During a Saeima Defense, Internal Affairs and Corruption Prevention Committee meeting on Wednesday, committee members analyzed a report from the Interior Ministry on the residency permit process and the results.

Security Police Chief Ints Ulmanis told committee members that the verification process of those applying for residency permits has become a burden to the Security Police, as its capacity, due to budget cuts, is not endless. In 2012, the Security Police carried out background checks on 2,770 persons, in 2013 – 4,196 persons, but so far this year – already 3,847 persons.

The results of the initial background checks do not show that these persons are a threat to national security. Over the past two years, only six persons have been denied residency permits by the Security Police. They point out that there were various reasons for denying these residency permits, including affiliation with organized crime, as well as activities of fraud or corruption.

The Security Police also monitors those who have been granted residency permits. Overall, there has only been one case in which a person’s residency permit has been revoked due to his or her activities in Latvia.

The Security Police have concluded that those who apply for residency permits are mostly persons who are well-off financially, who for one reason or another wish to obtain residency permits in Latvia. “Some persons like it here, that everything has been put into order and we are in Europe. Others need residency permits to travel within Europe, and basically do not reside here,” Ulmanis added.
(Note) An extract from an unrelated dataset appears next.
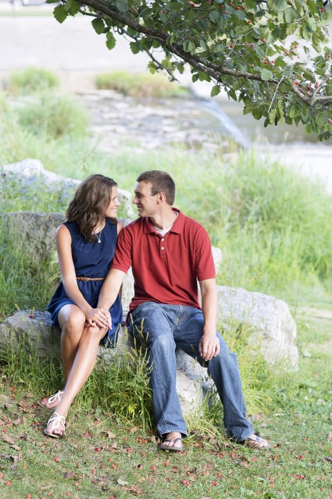 I don’t know what it is about Pamperin Park in Green Bay, but every engagement session I have photographed there has been great. I met Katie + Kyle at the park on a Friday afternoon for their engagement session. They were so much fun…. and funny. You can tell they have a blast together! Their engagement session was silly (I learned what jorts are… but they aren’t pictured in this blog:) ) and sweet. It was so nice getting to know them before their 2014 wedding! I know it will be a great one!

“However, from the point of view of security services, we see that there has been an increase in the number of Russian residents granted residency permits, and this is something that must be seriously considered. Individually, these persons are not a risk to Latvia’s security, however, taking into account Russia’s rhetoric, that they are prepared to ‘defend’ their citizens abroad, this circumstance can increase risks to Latvia’s security in the future,” Ulmanis emphasized.